I also note that this would introduce a number of new cases for coextensions
(that is, a useless concept layered on top of a rarely used concept ;-). In
particular, you could change whether each the discriminants individually is a
coextension. (One could be changed and one could be left the same; currently,
you can only change them all at once.) Not sure if this would make things harder
(this is a feature not close to worth the work, so I haven't analyzed it very
carefully).
Anyway, I don't think any of these issues is likely to convince many others, so
if the rest of you want to go ahead, don't let me stop you. But don't expect any
support from me, either.
****************************************************************
From: Steve Baird
Sent: Monday, April 20, 2020 1:48 PM
> i.e., in (X with delta ...)
> every needed component (including discriminants) of the aggregate not
> explicitely provided is added by the compiler as C => X.C, and then
> let normal aggregates rules work.
Randy pointed out one case where the set of needed components cannot be
identified statically. Here is another one, based on the fact that a delta
aggregate (X with delta ...) preserves the underlying tag of X in the case where
X is tagged.
IIUC, the proposed rule would not properly initialize the F3 component of the
delta aggregate in this example:
procedure Delta_Agg is
type T1 is tagged record
F1, F2 : Integer;
end record;
type T2 is new T1 with record
F3 : Integer;
end record;
procedure P (X : T1) is
Y : T1'Class := (X with delta F2 => 444);
begin
pragma Assert (Y = T1'Class (T2'(111, 444, 333)));
end P;
begin
P (T1 (T2'(111, 222, 333)));
end Delta_Agg;
I'm not saying this couldn't be fixed, but a fix of some sort would be needed.

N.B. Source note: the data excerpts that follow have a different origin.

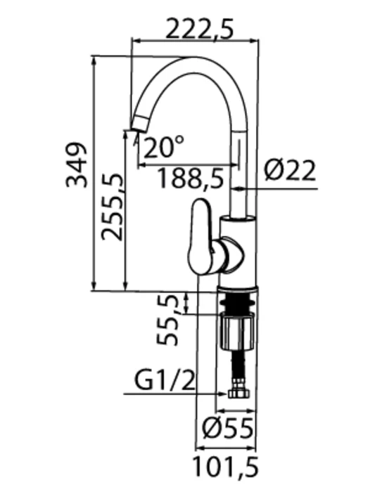| 5 | Излив для смесителя, кухня, J-образный, нерж. сталь, 199 мм, поворотный, хром | 995J20C5SM-3 |
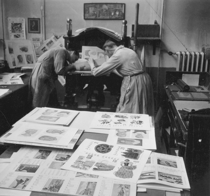 Arbeiter bei den Farbenätzungen während des Andrucks. Teil einer Stereoskopie von 1938. (Bayerische Staatsbibliothek, Bildarchiv hoff-69876) HLB
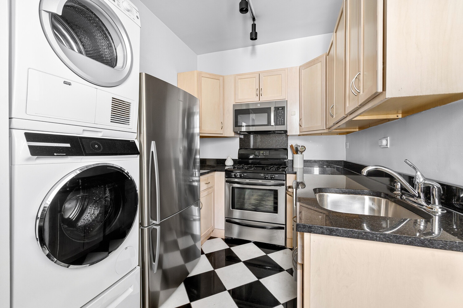 Additional features include an in-unit washer/dryer, refinished hardwood floors, and abundant closet and storage space throughout.
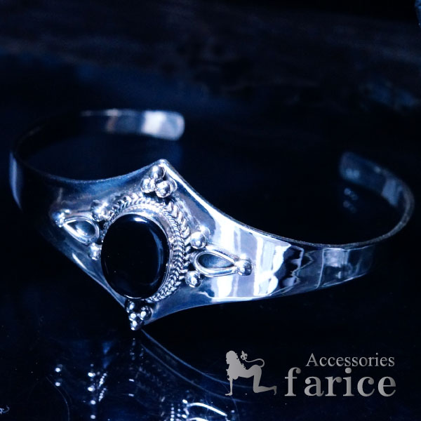 オニキス&ツタ&縄目立体装飾 ダイヤモンド型フレーム メンズ インディアンジュエリー シルバー925 バングル ブレスレット
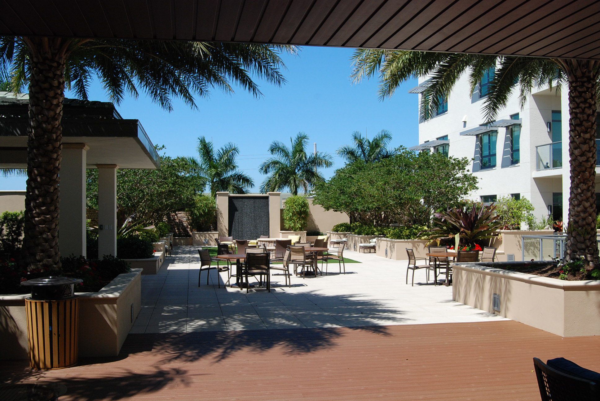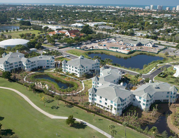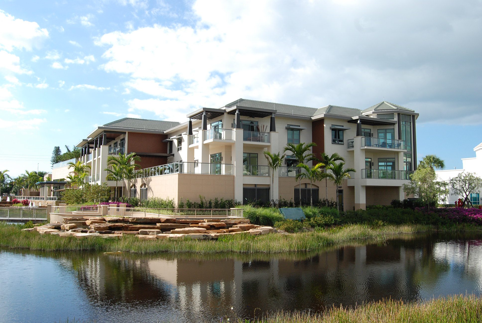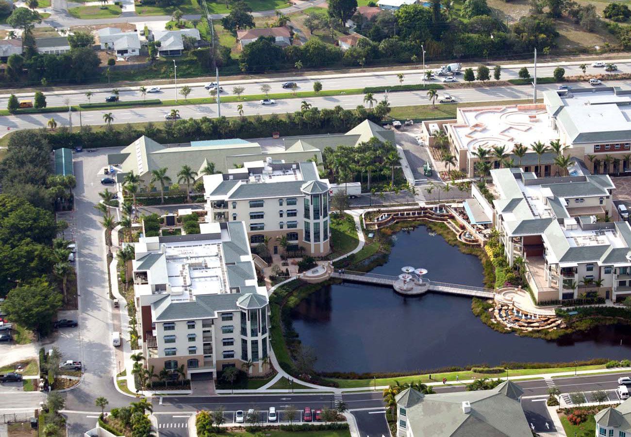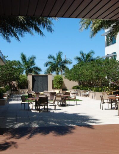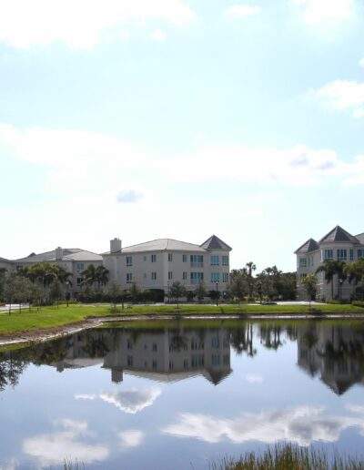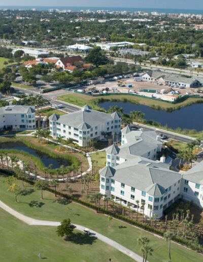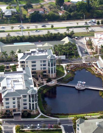 Buildings O, P, and Q provide luxurious independent living apartments that range in size from 1,850 up to 5,500 square feet. The two five-story buildings, O and P, are joined at the second floor with a roof garden that has an infinity-edge pool, water walls, and a fire pit all surrounded by a lush garden. Most units are entered directly from an elevator, providing security as well as privacy and convenience. Building Q also includes a 7,000-square foot restaurant that caters to a wide range of dining palates and includes a full bar and chef’s table. An outdoor patio offers dining next to the waterfalls of the stormwater lake. The lake has a bridge with seating in the center overlooking a lit planter of flowering bougainvillea, a romantic and beautiful feature for the residents.
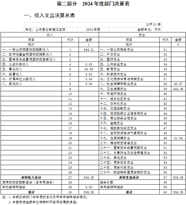 2024年度收、支总计均为506.29万元。年初结转结余0万元,年末结转和结余0万元。与上年度相比,收、支总计各减少3.84万元,下降0.75%,主要原因是新增退休人员1名,工资待遇由社保中心统发。
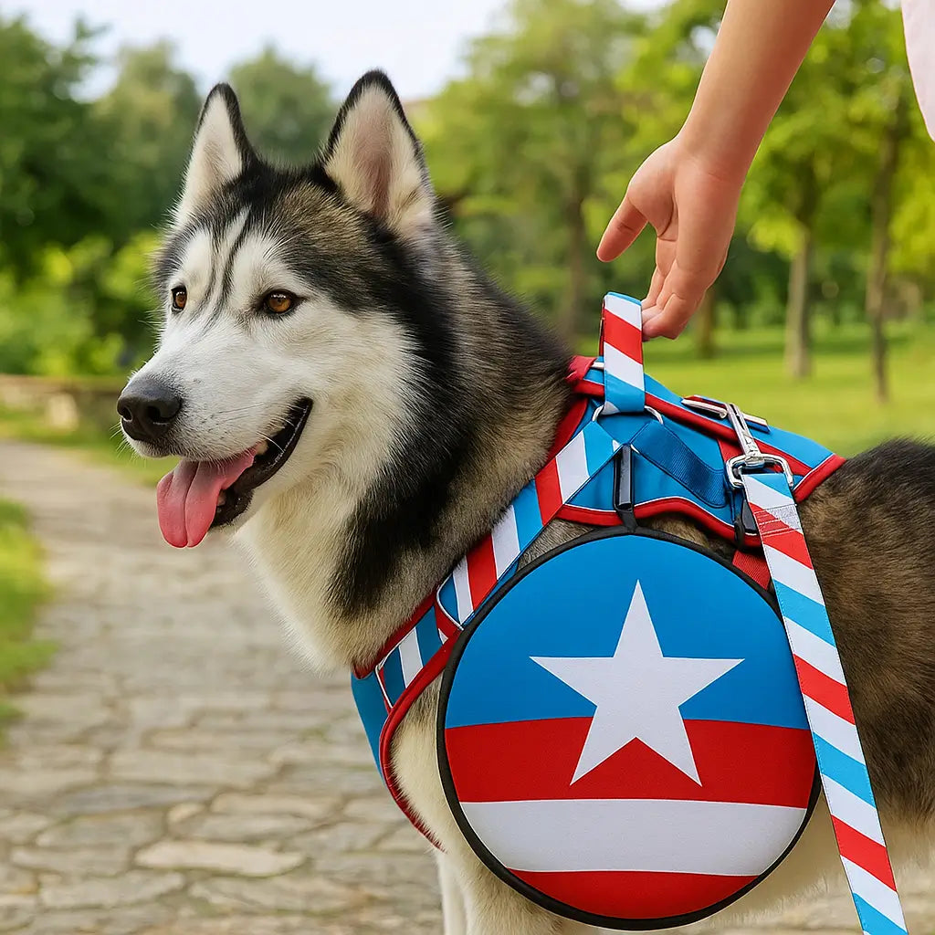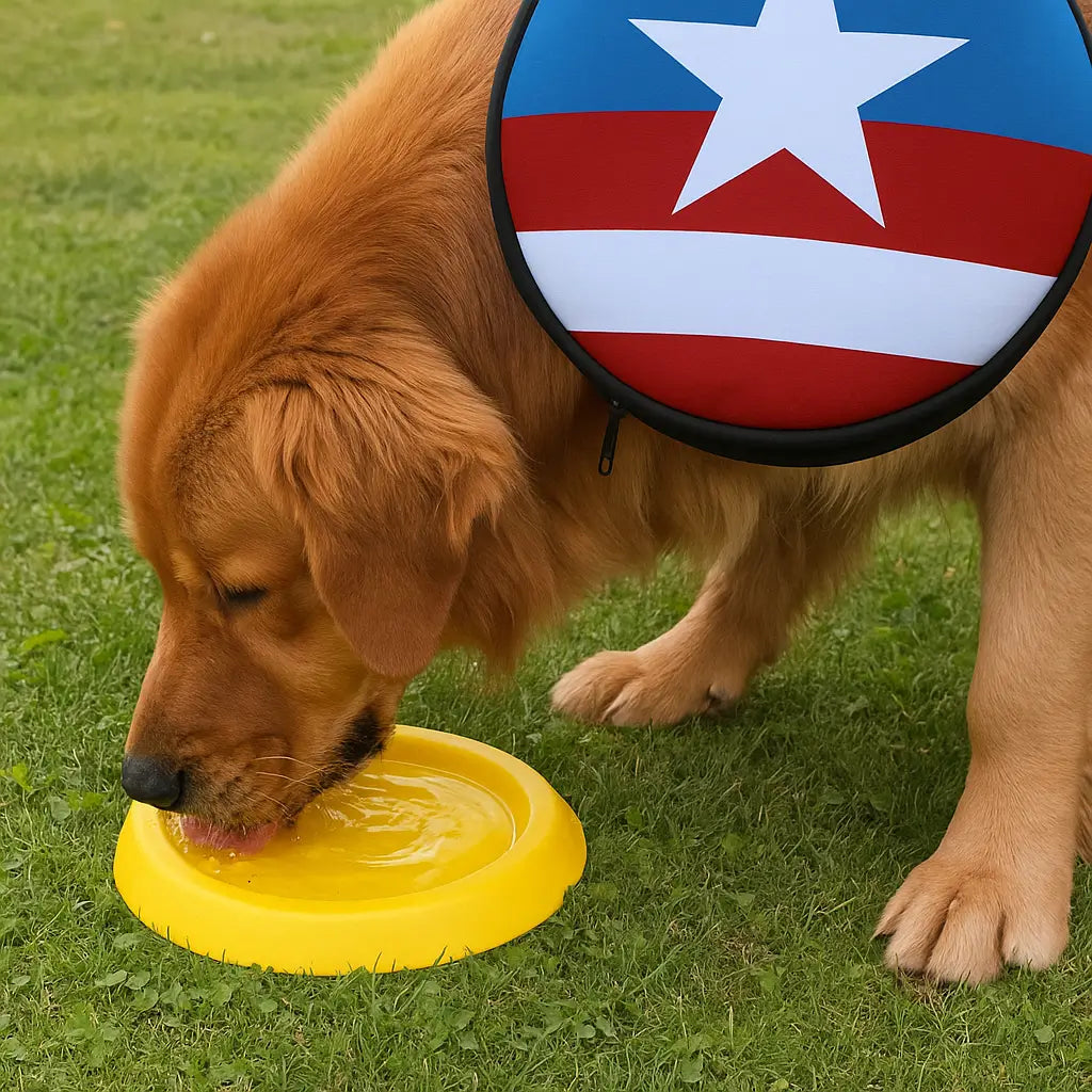 Mit abnehmbaren Taschen für Leckerlis, Beutel oder Spielzeug, alles griffbereit unterwegs. Das mitgelieferte Frisbee dient zugleich als Trink- oder Snack-Schale.

****************************************************************
From: Randy Brukardt
Sent: Monday, April 20, 2020 4:04 PM
Thanks, Steve. You've pointed out that since one can have a delta aggregate for
a class-wide type (or a specific type where the actual object is of some
descendant), you don't know at compile-time even what components *might* need to
be copied. (For an untagged type, you at least know the components that might be
involved, although with no idea which ones exactly are involved.)
So that means that one would have to, at a minimum, have different
implementations for tagged and untagged types (note that one can derived a
mutable untagged record from an immutable untagged record, so that in general
one cannot assume anything because the type you are holding is immutable,
something I ran into in Janus/Ada debugging over the weekend). A tagged delta
aggregate cannot change any discriminants, so including them would be noise
(which would have to be checked at runtime as well). And the very messy
implementation I outlined before would be needed otherwise.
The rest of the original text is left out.